Regrets

I read an internet article on what people regret as they lay dying. The most common theme is -Live life that is true to the self, not other people’s expectations. That’s it.

Wondering what this could mean for anyone living in this manner, I see two opposites. One is freedom of exploring life fully and becoming more natural and fulfilled. The opposite is a selfish boor, who takes from others rather than giving. And that leads me to what I would say of my regret – not giving more to others.

My career took off when I spent more time helping others than trying to earn more for myself and family. The income race is more an ego thing than a practical question of affordability. I can certainly say I was in that race, but one day, I became fascinated in changing things for the better, helping others become more of the who they could be.

There was no day in particular, or date, that I am aware of making this change. It just happened. Years later I could see that I was happy doing the work. I slowly became aware that this type of work actually made me happy.

The best advice an older person can give a younger, is – Find work you love to do, and you won’t work another day in your life.

That advice is very true in my case. The only problem is I didn’t know any of this when I was doing it. It was not a conscious thing. Years later I realized the truth of it all. It was fun, fascinating and personally rewarding to help others. The focus was not on me. I could lose myself in the work. That neutralized the ego thing, or at least a lot of it.

Most of us understand the truths involved here. Most of us do not live our lives in this manner. Those who do are happier and more accomplished than others. But a person can come to the truth and live it eventually if they truly want it. In a society erected on conspicuous consumption, the task is much more difficult. And yes, I loved cars, houses, clothes, watches and shoes. If I had the time and the money, I indulged in these things.
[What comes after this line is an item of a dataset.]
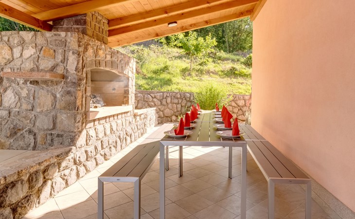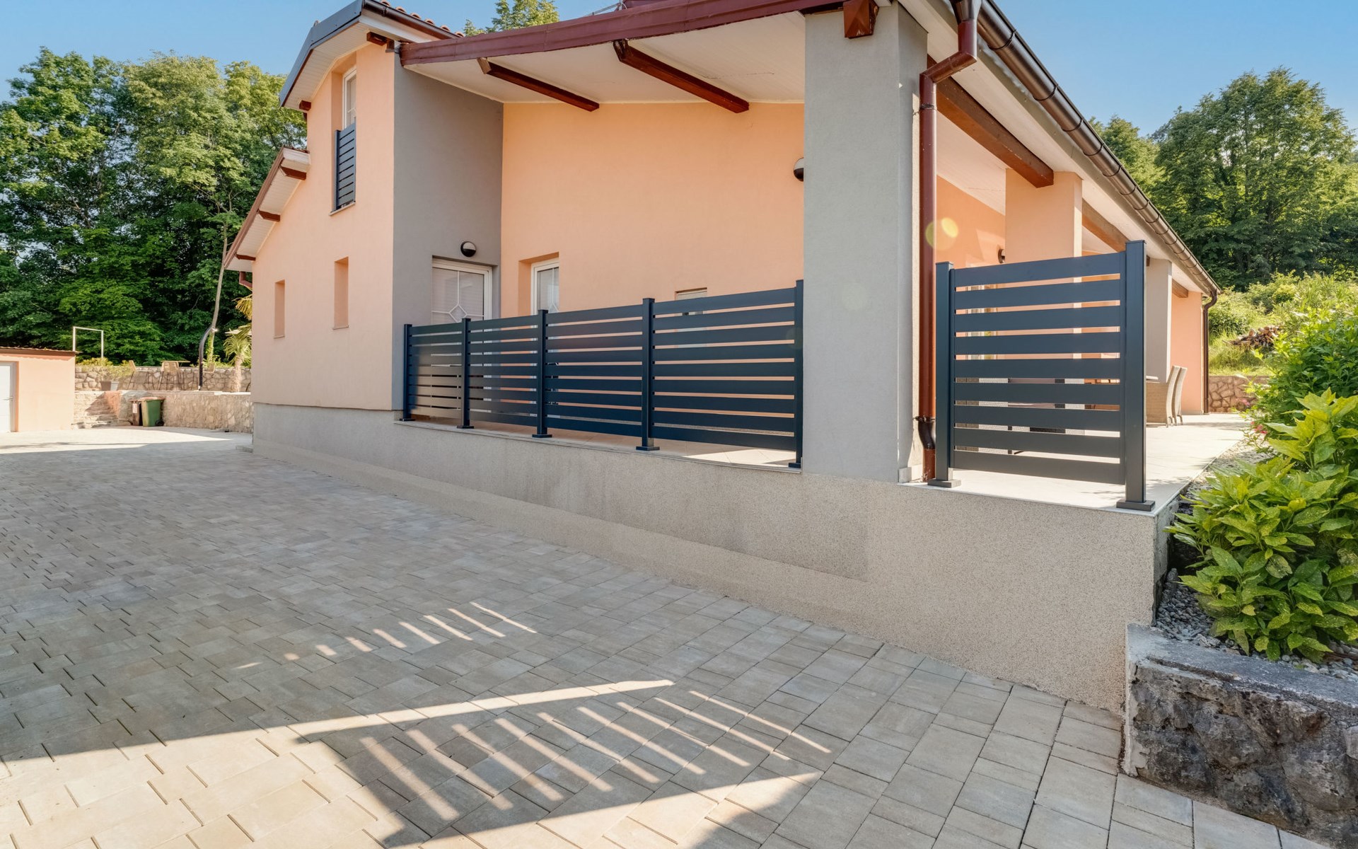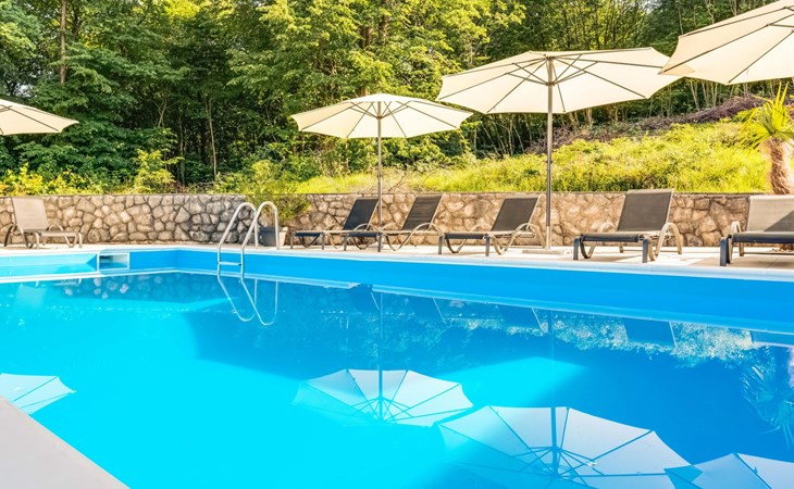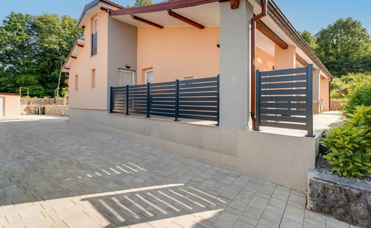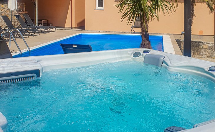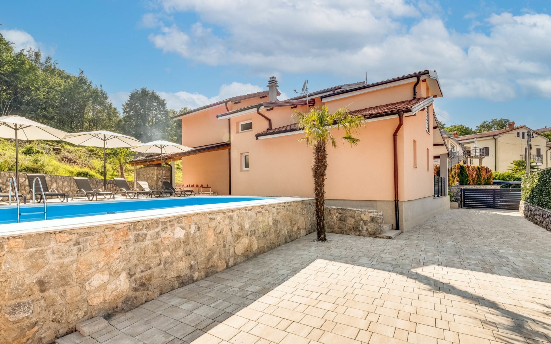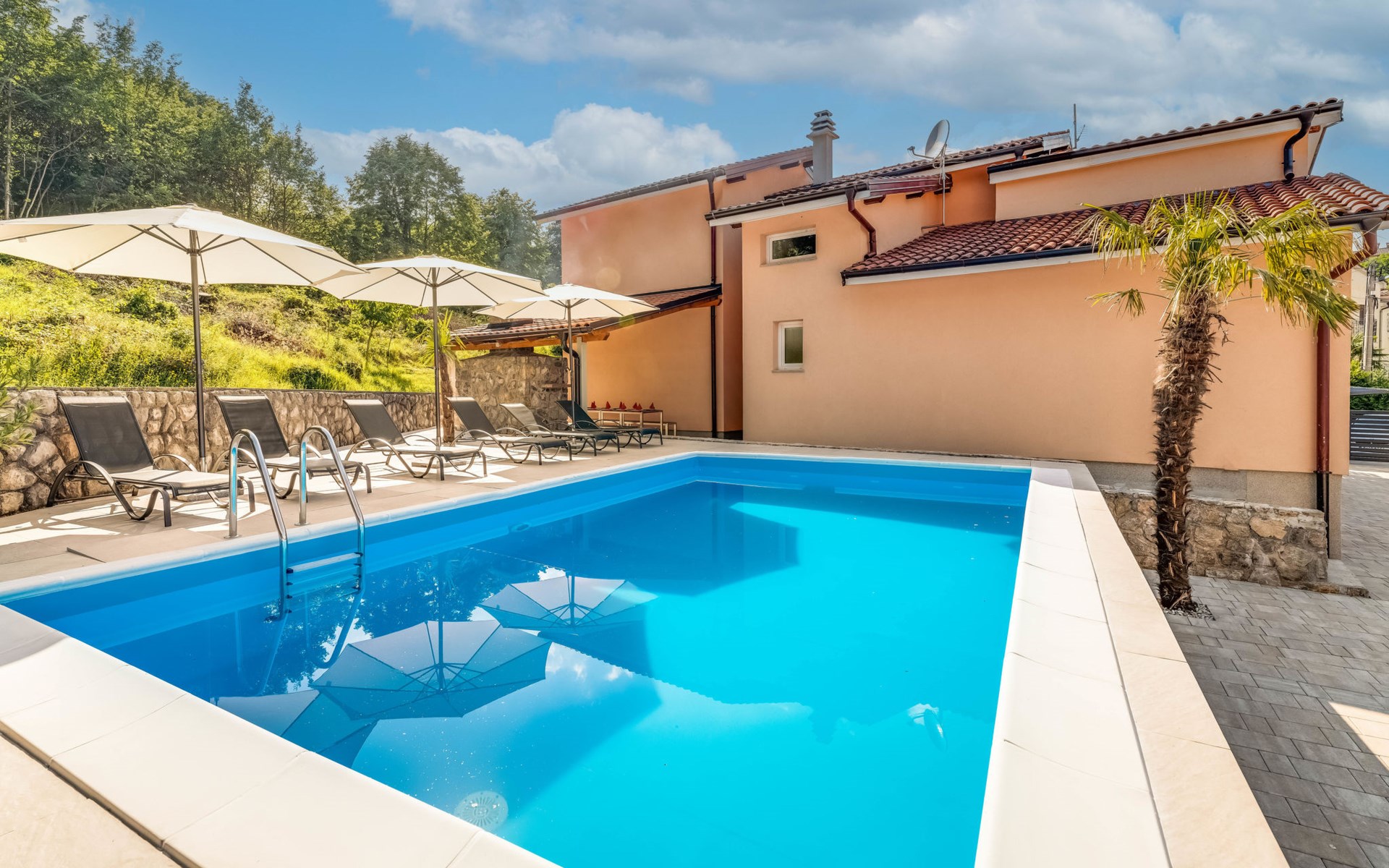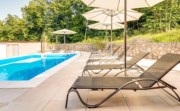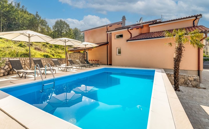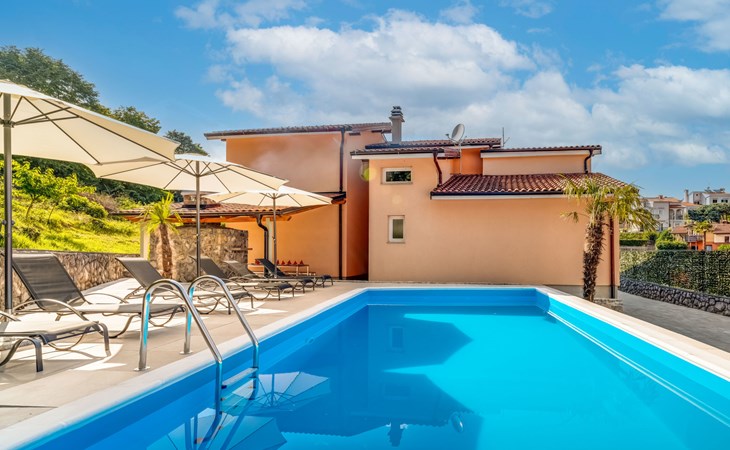 Mihelići 6 km from Opatija: 2-family house "Matej". In the hamlet Mihelići 3.5 km from the centre of Matulji, 5.5 km from the centre of Opatija, in a quiet, sunny, elevated position residential area (villas), 5.5 km from the sea. For shared use: property 700 m2 (fenced) with lawn and flowers, swimming pool heated (7 x 4 m, depth 150 cm, seasonal availability: 15.May. - 15.Oct.) with internal staircase. Outdoor shower, poolhouse, terrace, garden furniture, barbecue. In the house: internet access, hot tub (all included), table football, central heating system, air conditioning. Parking (for 2 cars) at the house on the premises. Shop 800 m, supermarket 3 km, restaurant 800 m, bar 750 m, bus stop 700 m, pebble beach 5.5 km, concrete beach 5.5 km. Groups of teenagers on request only.

Today I don’t care if the sweatpants I love to wear have holes in the cuffs. I will wear these into public spaces in spite of the tacky appearance. Why? Because it really doesn’t matter what others think of me. I know me. I know my worth. I am satisfied that things have turned out well regardless of what I have.

What I have becomes less important as the days tick toward the final end. We don’t know when that will happen, but the longer the time span, the happiness is even greater. God, I wish I had known this years before!

Time to share that with others when it will do the most good!